_SUPPLIED MATERIAL:_
──────────

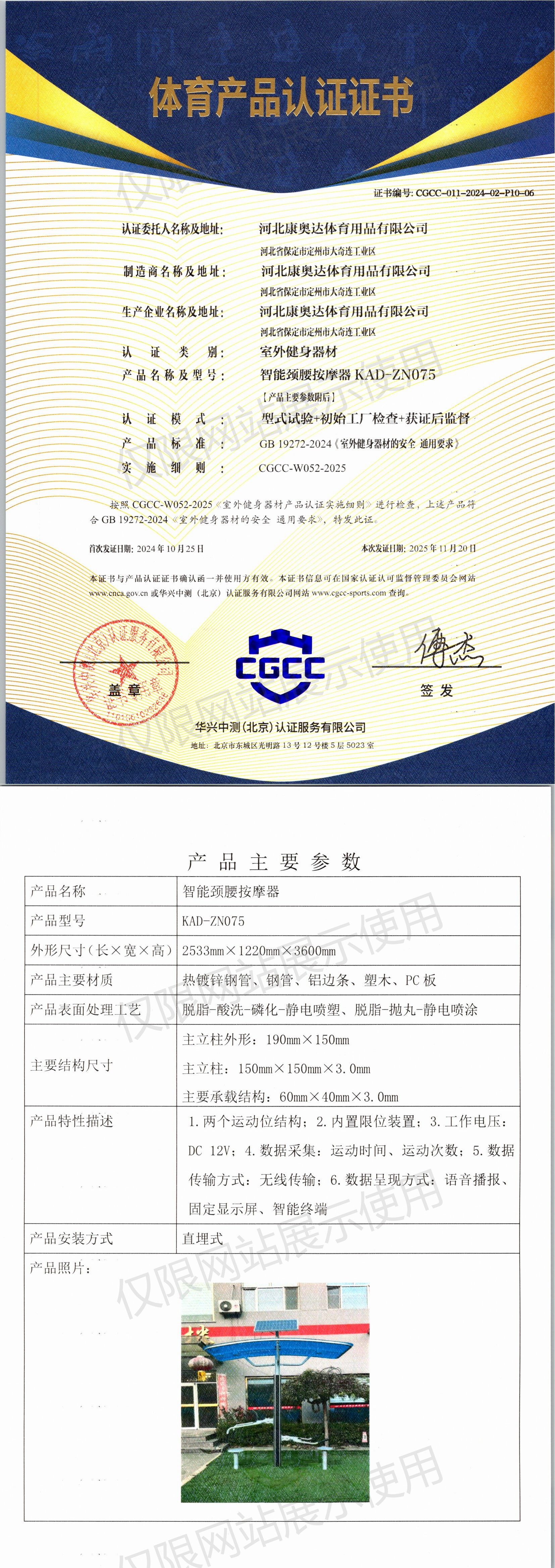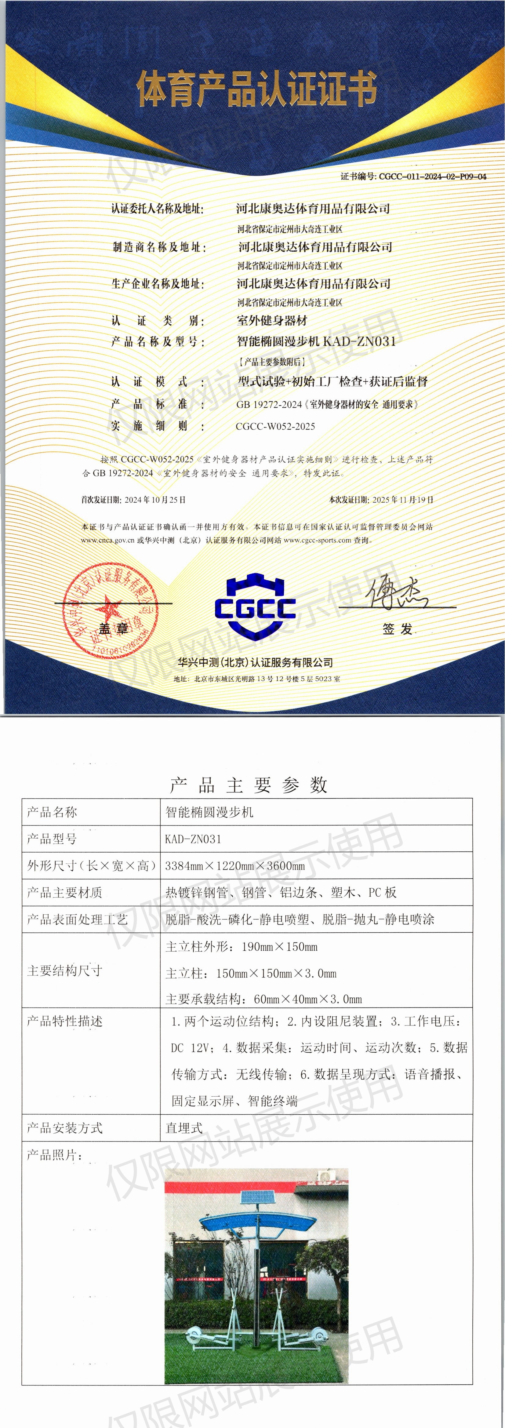 | 9 | 河北康奥达体育用品有限公司 | CGCC-011-2024-02-P09-04 | 智能椭圆漫步机 | KAD-ZN031 | 河北省保定市定州市大奇连工业区 | GB 19272-2024 | 2024-10-25 | 有效 | 查看 |
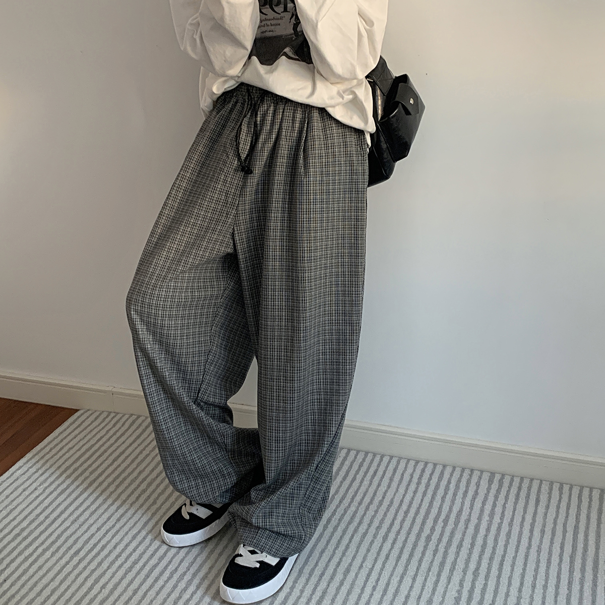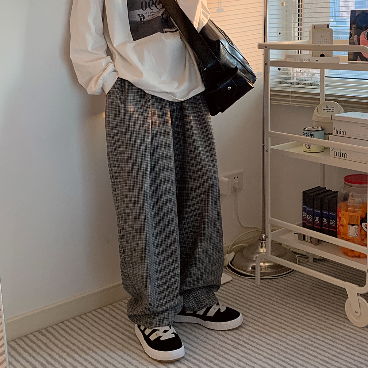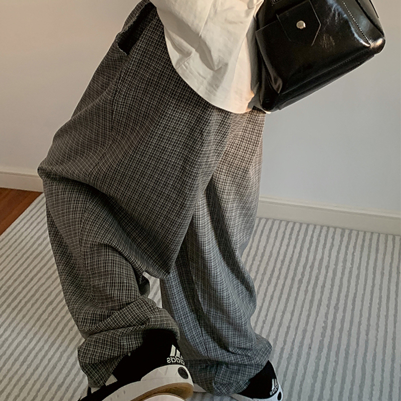 千鳥格褲子oversize設計感小眾闊腿工裝褲男寬鬆日系燈籠褲春秋季
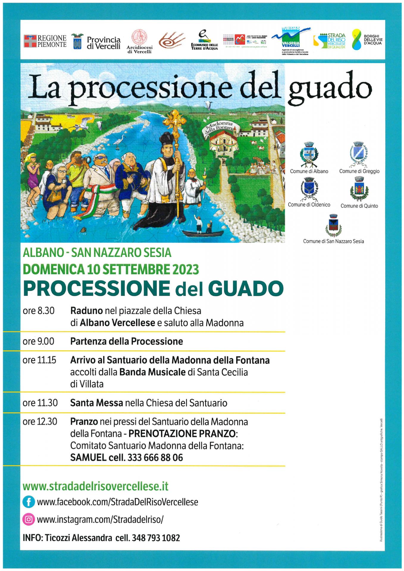 Anche quest’anno Strada del Riso Vercellese e l’Ecomuseo delle Terre d’Acqua stanno organizzando insieme ai comuni interessati e alla Provincia di Vercelli la storica manifestazione della Processione del Guado, un atteso evento che quest’anno compie 20 anni.
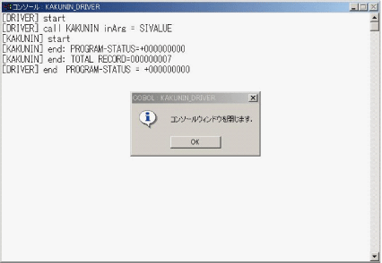 COBOLのバッチアプリケーションの実行結果確認を行います。“COBOLのバッチアプリケーションの実行(KAKUNIN)”でCOBOLのバッチアプリケーションを実行すると以下のような画面が出力されます。出力結果が同じであることを確認してください。

──────────

_WHAT YOU ARE ASKED TO DO:_ For this exercise, return exactly the lines above from the line with "千鳥格褲子oversize設計感小眾闊腿工裝褲男寬鬆日系燈籠褲春秋季" through the line with "Anche quest’anno Strada", both included. Do not copy the pictures.

_RESULT OF THE TASK:_
 千鳥格褲子oversize設計感小眾闊腿工裝褲男寬鬆日系燈籠褲春秋季
 Anche quest’anno Strada del Riso Vercellese e l’Ecomuseo delle Terre d’Acqua stanno organizzando insieme ai comuni interessati e alla Provincia di Vercelli la storica manifestazione della Processione del Guado, un atteso evento che quest’anno compie 20 anni.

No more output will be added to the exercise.